Recommendations Personalized by multiple liked product and disliked products:

>>> positive_document_ids=['A', 'B'], negative_document_ids=['C', 'D']

-> (Document ID A Vector + Document ID B Vector) - (Document ID C Vector + Document ID C Vector) = Search Query

Recommendations Personalized by multiple liked product and disliked products with weights:

>>> positive_document_ids={'A':0.5, 'B':1}, negative_document_ids={'C':0.6, 'D':0.4}

-> (Document ID A Vector * 0.5 + Document ID B Vector * 1) - (Document ID C Vector * 0.6 + Document ID D Vector * 0.4) = Search Query

You can change the operator between vectors with vector_operation:

e.g. >>> positive_document_ids=[‘A’, ‘B’], negative_document_ids=[‘C’, ‘D’], vector_operation=’multiply’

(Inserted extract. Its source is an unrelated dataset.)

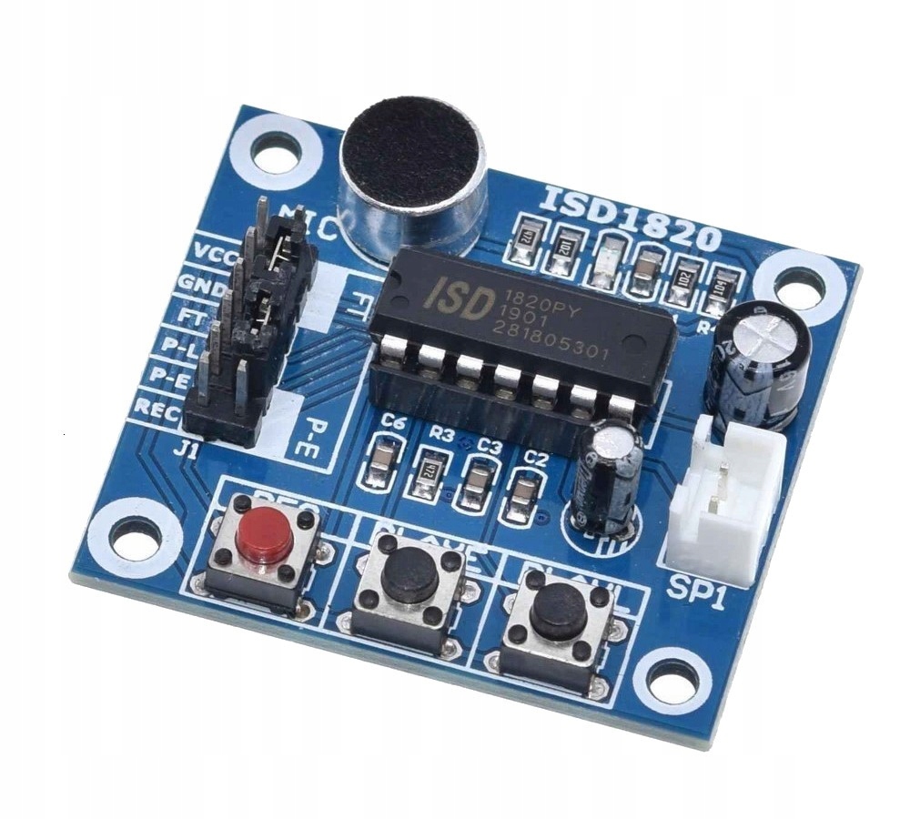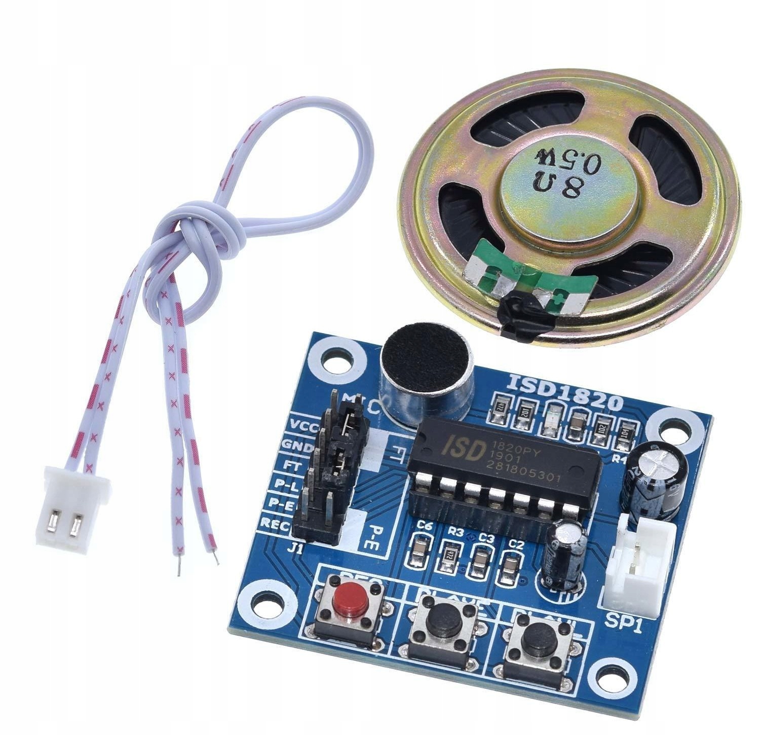 ✔️ Модуль для запису звуків і повідомлень на мікросхемі ISD1820 . Максимальний час запису становить 11 секунд, тому модуль можна використовувати в багатьох додатках.

-> (Document ID A Vector * Document ID B Vector) - (Document ID C Vector * Document ID D Vector) = Search Query

Parameters

dataset_id (string) – Unique name of dataset
positive_document_ids (dict) – Positive document IDs to personalize the results with, this will retrive the vectors from the document IDs and consider it in the operation.
negative_document_ids (dict) – Negative document IDs to personalize the results with, this will retrive the vectors from the document IDs and consider it in the operation.
vector_fields (list) – The vector field to search in. It can either be an array of strings (automatically equally weighted) (e.g. [’check_vector_’, ‘yellow_vector_’]) or it is a dictionary mapping field to float where the weighting is explicitly specified (e.g. {’check_vector_’: 0.2, ‘yellow_vector_’: 0.5})
approximation_depth (int) – Used for approximate search to speed up search. The higher the number, faster the search but potentially less accurate.
vector_operation (string) – Aggregation for the vectors when using positive and negative document IDs, choose from [‘mean’, ‘sum’, ‘min’, ‘max’, ‘divide’, ‘mulitple’]
sum_fields (bool) – Whether to sum the multiple vectors similarity search score as 1 or seperate
page_size (int) – Size of each page of results
page (int) – Page of the results
similarity_metric (string) – Similarity Metric, choose from [‘cosine’, ‘l1’, ‘l2’, ‘dp’]
facets (list) – Fields to include in the facets, if [] then all
filters (list) – Query for filtering the search results
min_score (int) – Minimum score for similarity metric
select_fields (list) – Fields to include in the search results, empty array/list means all fields.
include_vector (bool) – Include vectors in the search results
include_count (bool) – Include the total count of results in the search results
asc (bool) – Whether to sort results by ascending or descending order
keep_search_history (bool) – Whether to store the history into VecDB. This will increase the storage costs over time.
hundred_scale (bool) – Whether to scale up the metric by 100

diversity(self, dataset_id: str, cluster_vector_field: str, n_clusters: int, positive_document_ids: dict = {}, negative_document_ids: dict = {}, vector_fields=[], approximation_depth: int = 0, vector_operation: str = 'sum', sum_fields: bool = True, page_size: int = 20, page: int = 1, similarity_metric: str = 'cosine', facets: list = [], filters: list = [], min_score: float = 0, select_fields: list = [], include_vector: bool = False, include_count: bool = True, asc: bool = False, keep_search_history: bool = False, hundred_scale: bool = False, search_history_id: str = None, n_init: int = 5, n_iter: int = 10, return_as_clusters: bool = False)